◆ **WHAT IS NEEDED**
Wherever pictures occur in the entries below, leave them out and retype the rest exactly.

◆ **RECORDS FOR THIS EXERCISE**
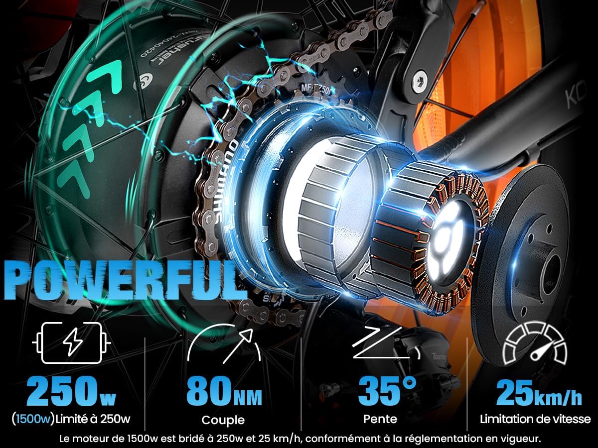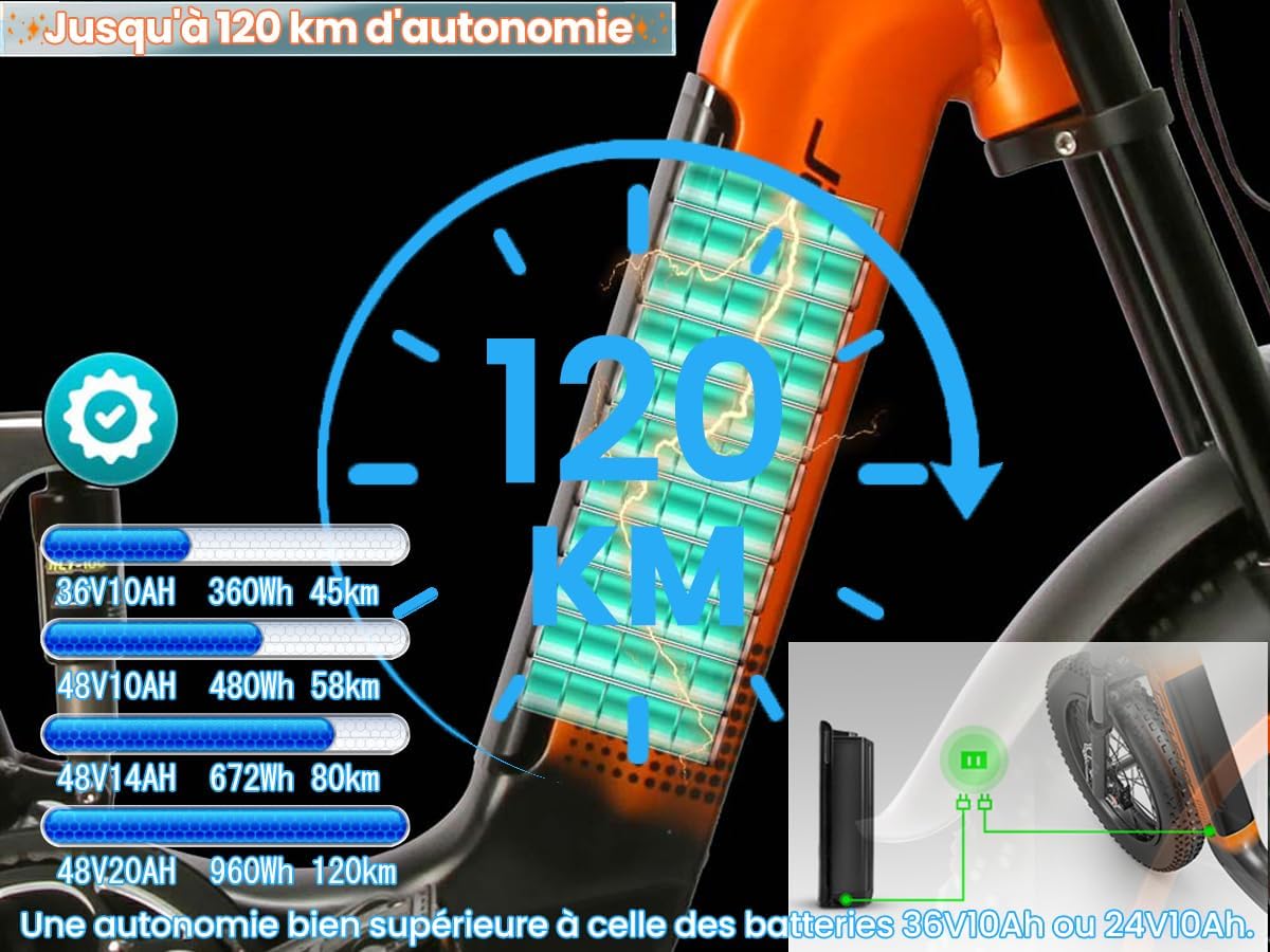 • Autonomie  : Jusqu’à 120 km en mode assistance au pédalage, avec une batterie lithium 48V 20Ah 960Wh
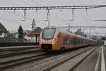 RABe 523 008, auf der S29, verlässt den Bahnhof Rupperswil. Die Aufnahmestammt vom 25.07.2022.
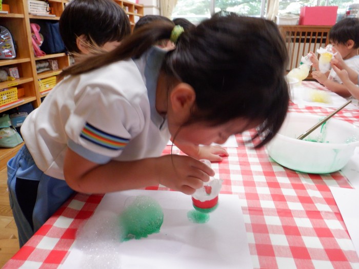 泡に好きな色をつけてフーっと吹いたら、色のついた泡がたくさん♪
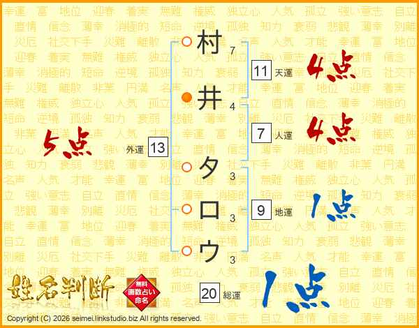 あなたの人生を表す1番重要な運勢です。生涯を通じて影響する総合運となり、主に50歳以降の晩年期に影響を及ぼします。苗字と名前の合計画数。
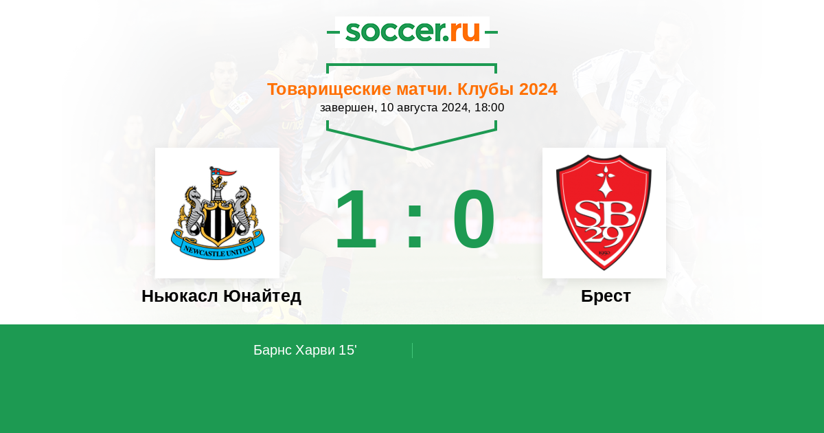 Протокол матча Ньюкасл Юнайтед против Брест
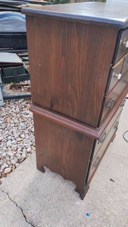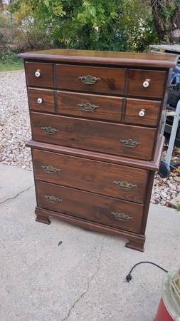 One wood dresser 5 drawers All knobs included Sturdy and functional. Tongue and groove See pics for condition

◆ **RESULT OF THIS TASK**
 • Autonomie  : Jusqu’à 120 km en mode assistance au pédalage, avec une batterie lithium 48V 20Ah 960Wh
 RABe 523 008, auf der S29, verlässt den Bahnhof Rupperswil. Die Aufnahmestammt vom 25.07.2022.
 泡に好きな色をつけてフーっと吹いたら、色のついた泡がたくさん♪
 あなたの人生を表す1番重要な運勢です。生涯を通じて影響する総合運となり、主に50歳以降の晩年期に影響を及ぼします。苗字と名前の合計画数。
 Протокол матча Ньюкасл Юнайтед против Брест
 One wood dresser 5 drawers All knobs included Sturdy and functional. Tongue and groove See pics for condition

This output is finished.